# Barnsdale Classic X



## rsarns (Sep 23, 2008)

SO how do you adjust DL on it? LOL It was supposed to be 30" but its no where close. Need to find a manual....


----------



## rsarns (Sep 23, 2008)

It has 2B wheels, shoot thru.


----------



## w8lon (Jun 2, 2012)

http://www.barnsdalearchery.com/about.phpCall Dave or his wife they will set you up, great guy, great service.


----------



## Fury90flier (Jun 27, 2012)

I believe there is a set on a bow at the shop...I'll look when I get there this after noon.-- if memory serves, they use replacement modules


----------



## Markliep (May 6, 2012)

I emailed David Barnsdale the same question & got back the email pasted below - great guy - M

Hi Mark,
The previous owner can't find his manual because there never was one. 
First you must understand that the flat spot on the four modules create the wall at full draw by hitting the four cables. The modules on both wheels should be in the same screw hole if adjusted properly. 
To adjust the draw length with the modules, remove the screw closest to the cable post, loosen the other one. If you rotate the module so the flat spot is closer to the cable post, this lengthens the draw length. It gets shorter if you rotate it away from the cable post. If you move each module pair one screw hole, you have adjusted the draw length approximately 1/2". This adjustment does not affect the draw weight.
If you need a smaller adjustment, you will need to adjust the cables. Assuming your bow is set up as a shoot through: Hold your lower limb between your legs, take your right hand, put the thumb pad on the right cable, put your fingers on the limb so you can compress the cable towards the limb. As you do this, you will notice the other cable goes slack. With the slack in one cable, you can remove that cable with your left hand and put twists in or take them out. To adjust the other cable you compress the left cable with your left hand and use your right hand to work the slack cable. If you repeat this on all four cables, you have adjusted the draw length. If you untwist the cables, you shorten the draw length, put twists in you lengthen it. When you lengthen the draw length this way your draw weight will increase, shorten, weight will decrease. If your bow is set up with a cable guard, you would need a bow press to adjust your cables.
If you want you can also shorten or lengthen your string to change both draw weight or draw length. To adjust the string you will need a bow press.
Cam timing generally should be even but finger shooters and string walkers might like it out of time to accommodate their crawl.
To check wheel lean, take a small carbon arrow shaft and lay it against the side of the wheel closest to the string groove. Let the shaft run down next to the string. The shaft should run parallel with the string. If it doesn't, adjust the appropriate cable until it does. After you do this, you might have to redo your timing. If you have a cable guard set up, you will need a bow press to adjust the split cables. You might not get the lean completely out with a cable guard.
To set up the bow, here is how I do it:
1) Mount arrow rest of choice so your arrow will sit at the height you want
2) Use a bow square to locate and install your nock set. If shooting a release and your bow is equipped with the larger wheel on top, nock set location should be square to 1/8" high. If you have symmetrical wheels and shoot a release, the nock set should be 1/8" to 1/4" above square. If your shooting fingers, try setting it at 1/4' above square for starters. Fingers is such a hard thing for me as every finger shooter is different in the pressure that each finger exerts.
3) At this point you would adjust your center shot for right and left to you liking.

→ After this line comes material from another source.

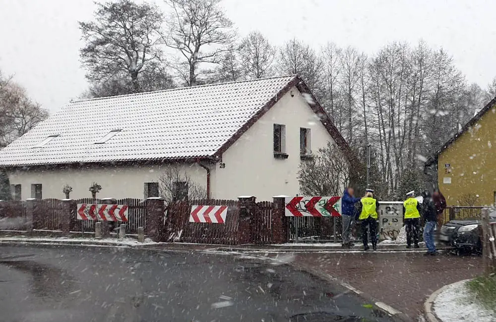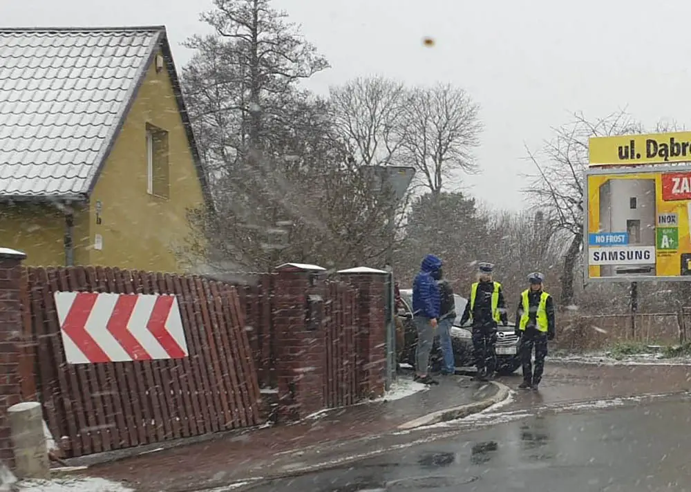 Do zdarzenia doszło we wtorek, 31 marca, z samego rana na ul. Jędrzychowskiej. Kierowca opla wpadł w poślizg na zakręcie i uderzył w ogrodzenie domu. Na szczęście nikomu nic się nie stało.

I have attached a picture of wheel rotation. I do this because the bow shoots best when the wheels are positioned when point A is located between point B and C. With this info you can use the modules and string length to manipulate the draw weight bu changing the draw length. I will explain. If you feel you would like to shoot a few more pounds and you have one or more module adjustment that will shorten the draw length, you can put a 1/2" longer string on your bow, move the module to the next shortest position and you have gained about 4-5 pounds yet you draw length is about the same. It works the other way too, if you want to shoot a little less weight. Now that I said that, this is where you need the picture of the wheel rotation. The bow shoots best when point A is between point B and C.


----------



## rsarns (Sep 23, 2008)

Mark,
That is awesome.. thanks!


----------



## w8lon (Jun 2, 2012)

As I live close to Dave's shop stopped by with a couple of Redman bows that I bought. He run me through the full tuning regimen and even swapped out my cams for a shorter draw, very knowledgeable guy on the subtleties of the fine tune.


----------